The law gives ministers powers to tell platforms to put warnings next to posts they deem false, but that activists fear could be used to curb free speech.
A post by Alex Tan — who runs anti-government website the States Times Review — had a correction notice placed below it after a government request, Facebook confirmed.
On Thursday authorities had ordered Tan to put up a correction next to his November 23 post on elections.
But Tan — who is based overseas — refused, saying he is an Australian citizen and would not comply with requests from a “foreign government”.
But after authorities ordered Facebook to put a correction next to the post, the social media giant said it had complied.
The item now appears with a label below it, stating: “Facebook is legally required to tell you that the Singapore government says this post has false information”.
It also contains a link to the government’s own fact-checking website.
“As required by Singapore law, Facebook applied a label to these posts, which were determined by the Singapore Government to contain false information,” said a Facebook spokesperson on Saturday.
“As it is early days of the law coming into effect, we hope the Singapore Government’s assurances that it will not impact free expression will lead to a measured and transparent approach to implementation.”

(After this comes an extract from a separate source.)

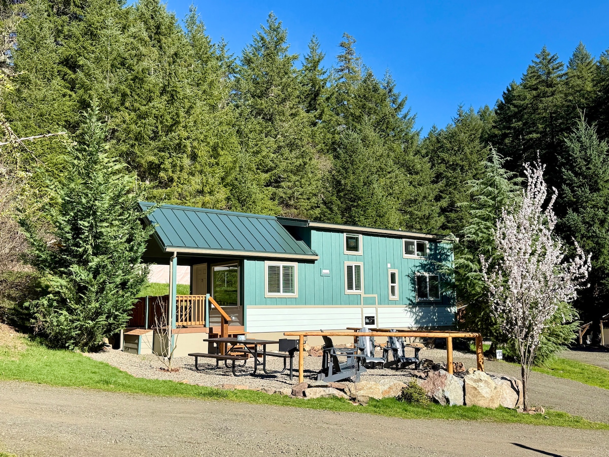 Cabanas rústicas na montanha - Glamping! Nossas encantadoras cabanas King estão perfeitamente localizadas ao longo do rio Umpqua Norte, na Floresta Nacional de Umpqua. Esta região das Cascatas de Oregon é comumente referida como "Porta de Esmeralda de Oregon" para o Lago Crater. Estamos localizados centralmente para a trilha North Umpqua, com fácil acesso a muitas trilhas, cachoeiras e as fontes termais de Umpqua. As cabanas King têm uma cama king size e um loft com cama de casal. A casa de banho/chuveiro compartilhada fica a poucos passos das cabanas.

The government’s fact-checking website said that Tan’s article, which claims elections are rigged in Singapore to ensure the ruling party stays in power, contained “false statements of fact” and “made scurrilous accusations”.
He reacted defiantly, saying that he had reposted his article on Twitter, Google and Linkedin and calling for the government to issue correction orders to the companies.
The increased use of the law comes as speculation mounts that elections could be called within months, although a weak opposition is seen as no match for the long-ruling People’s Action Party.
Singapore used the law for the first time Monday, ordering opposition party member Brad Bowyer to correct Facebook post authorities said could “smear the reputation” of two-state investment funds.
Bowyer — a naturalised Singapore citizen originally from Britain — immediately complied.
Facebook, a major investor in Singapore that last year announced plans to build a $1billion data centre there, has its Asia headquarters in the city-state.
Singapore’s government, which regularly faces criticism for curbing civil liberties, insists the legislation is necessary to stop the spread of damaging falsehoods online.